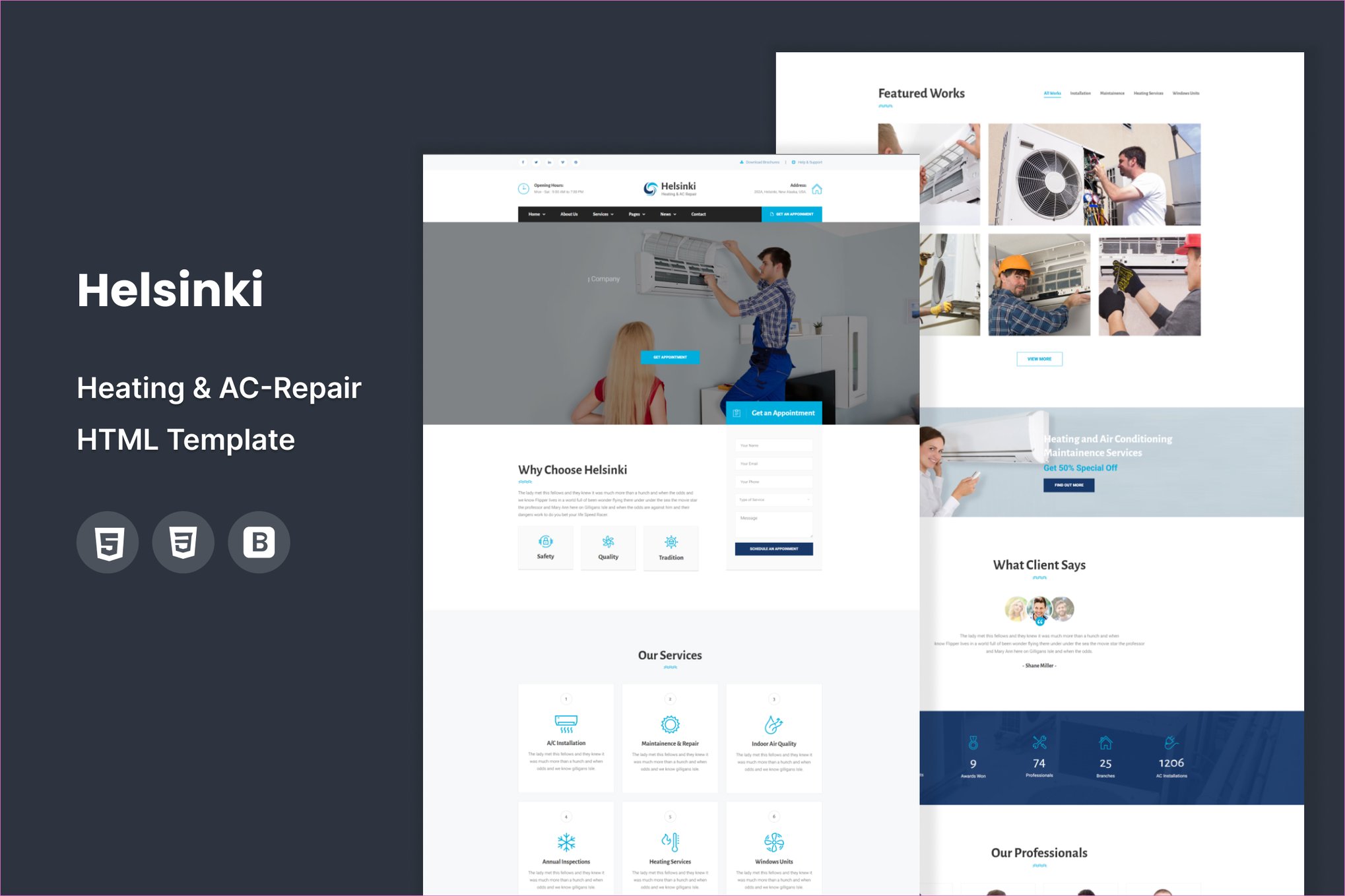 Introducing Helsinki, the sleek and modern HTML template designed specifically for air conditioning and heating service companies, installation services, and air appliance repair centers. A professionally crafted website is essential for any modern business, and Helsinki offers a time and cost-effective solution for creating a niche website. The template features a full-width slider on the homepage, along with text blocks and other key sections to showcase your offerings. Display your products and services on the shop and gallery pages, while sharing success stories on the integrated blog page. Helsinki is the perfect tool to boost your online presence and attract potential clients effortlessly.
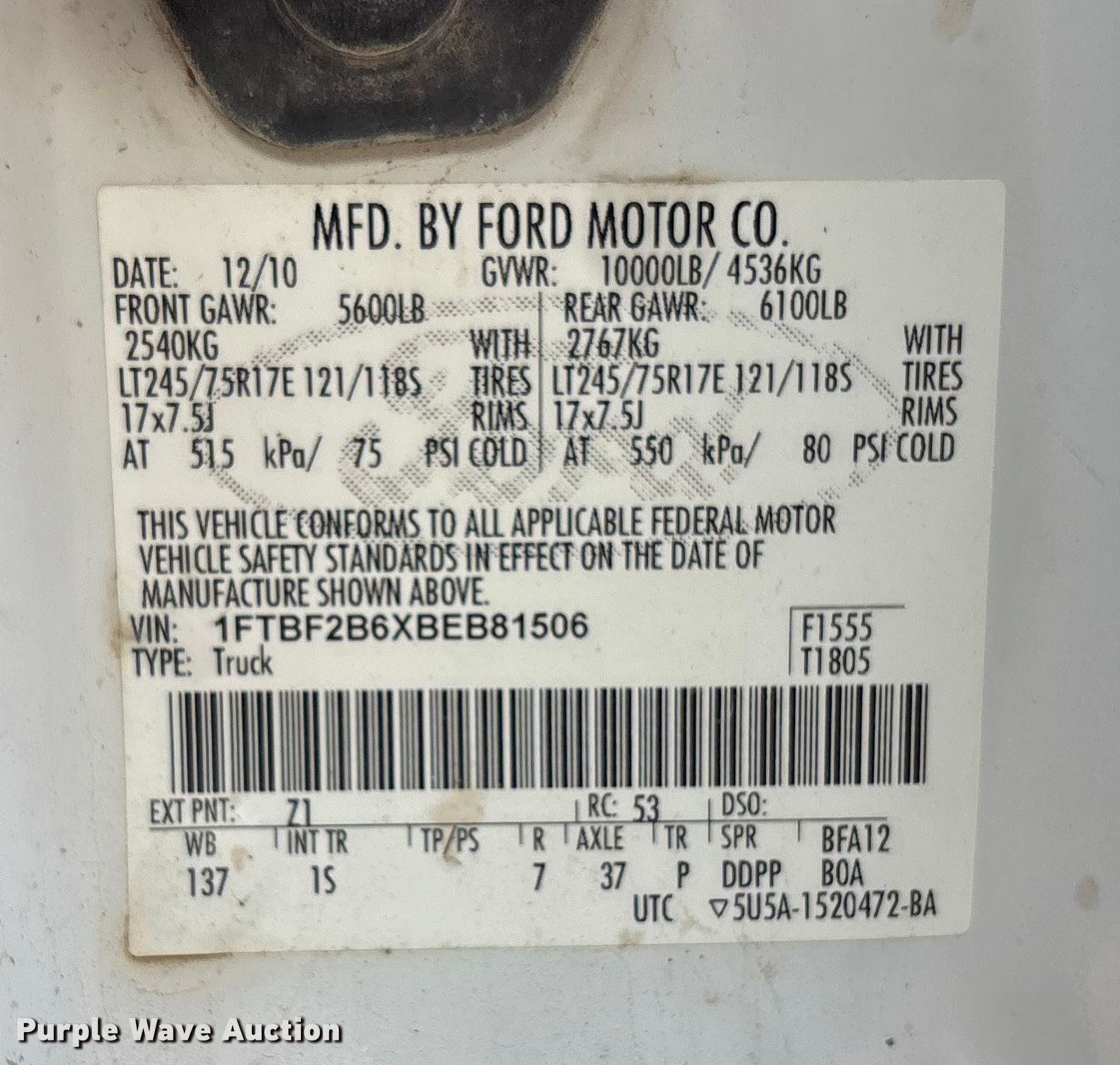 - VIN: 1FTBF2B6XBEB81506
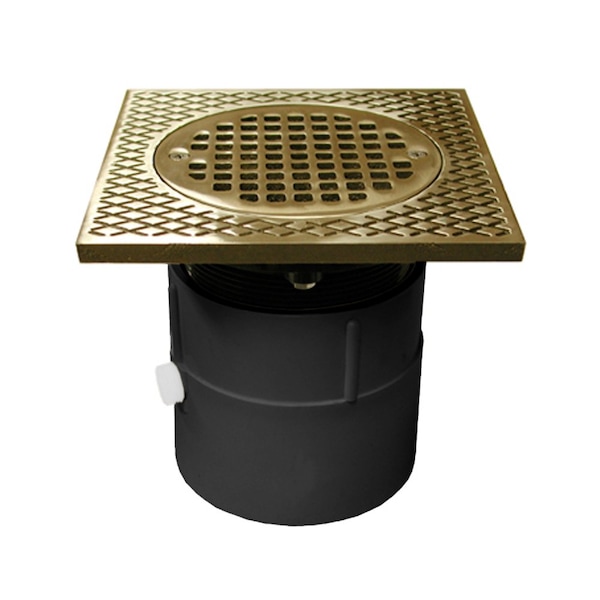 4in. PVC Over Pipe Fit Drain Base with 4in. Plastic Spud and 5in. Nickel Bronze Strainer
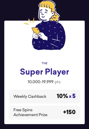 Specifically at SpinBit rewards program, Super Players get 10% cashback on losses each week, allowing you to recoup more of your play so you can keep wagering longer. You also receive a 150 free spin achievement prize as soon as you hit this tier.
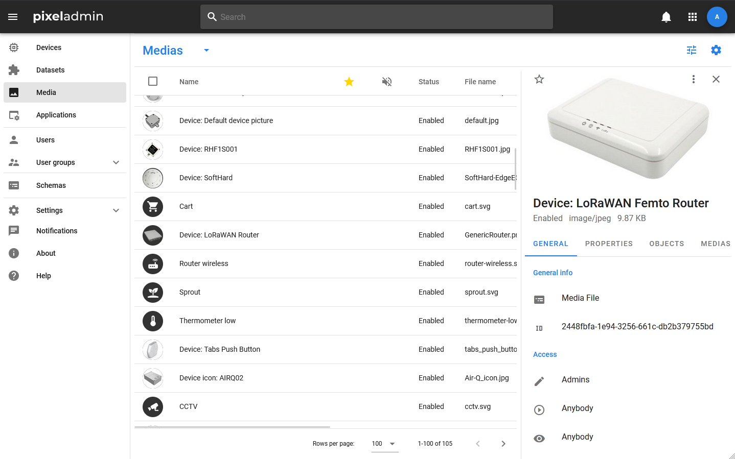 Unlike devices and datasets that use different data schemas, the data schema of media objects is uniquely defined in the system.
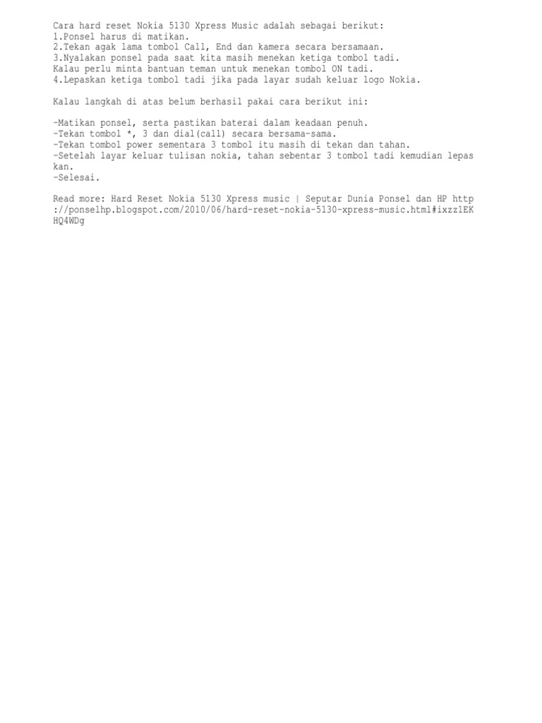 solved nokia 5130 c2 xpress music master reset code fixya
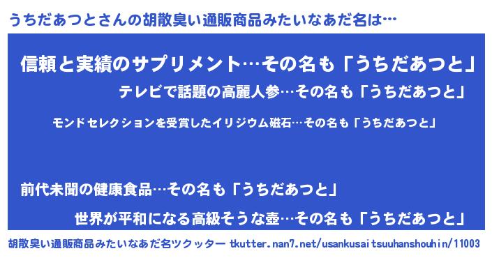 | 伝説のあだ名 | 『救世主となる占い師うちだあつと』 |
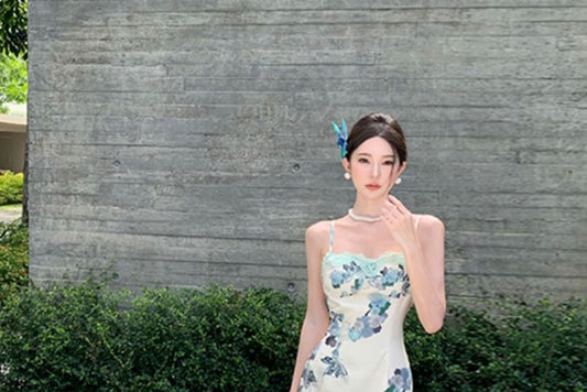 Spaghetti Strap Floral Lace Trim Midi Sheath Dress

-- WHAT TO DO --
Give back exactly, and only, the lines from the one holding "Unlike devices and" through the last line of the entries, with every picture omitted.

-- ANSWER TO THE EXERCISE --
 Unlike devices and datasets that use different data schemas, the data schema of media objects is uniquely defined in the system.
 solved nokia 5130 c2 xpress music master reset code fixya
 | 伝説のあだ名 | 『救世主となる占い師うちだあつと』 |
 Spaghetti Strap Floral Lace Trim Midi Sheath Dress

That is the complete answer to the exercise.